アンはユウコに招かれ、地下の有栖川邸を訪ねる。チャイムを押すと、施錠機構の動作音と共に中からばたばたと足音が聞こえてきて、勢いよく扉が開いた。
「お待ちしていました! どうぞ上がってください!」
「ちょ、ちょっとユウコ落ち着いて!」
いつにも増して楽し気なユウコに引っ張られて、アンは転びそうになりながらブーツを脱ぎ捨てて玄関を上がった。
そして客間の前まで来ると、今度は急停止する。
「な、なによ」
「ふふふ……。
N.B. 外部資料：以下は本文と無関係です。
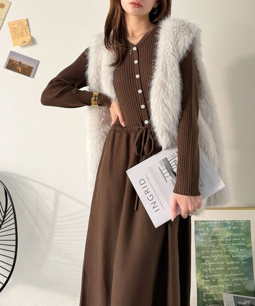 リブ編みの上半身が美しいシルエットを作り出し、さまざまなシーンで活躍します♪

開けてください!」
「ちょっとどうしたの、元気過ぎて気持ち悪いわよ……」
「気にせず気にせず!」
ユウコに迫られて、アンは恐る恐るドアノブに手をかけて引いた。
中の様子が見えてくると同時に、複数の破裂音が一斉に鳴り響いた。それは図書館の帰りに聞いた不快な音ではなく、聞き馴染みのあるクラッカーの音だった。
そしてユウコが「せーの!」と音頭を取ると、「研修お疲れ様でしたー!」という声が続く。
中には研修中に世話になった暦史書管理機構の職員や、リリィ・アダムズ、セーラーサンことセーラ・シュタイン、有栖川リツコ、長南シノユキの姿もあった。
アンはしばらく呆然としていたが、不意に小さく噴き出した。
「ごめんなさい。こういう時の反応、ちょっと苦手です。でも、ありがとう」
アンの日本語での反応に一同は顔を見合わせて笑った。
「日本語上手くなったよアンー」
「アメリカ帰っても元気でね」
「うん。本当にありがとう。絶対に忘れない」
特によく一緒にアンと作業をした機構の職員は、目に涙を浮かべてアンと抱擁を交わした。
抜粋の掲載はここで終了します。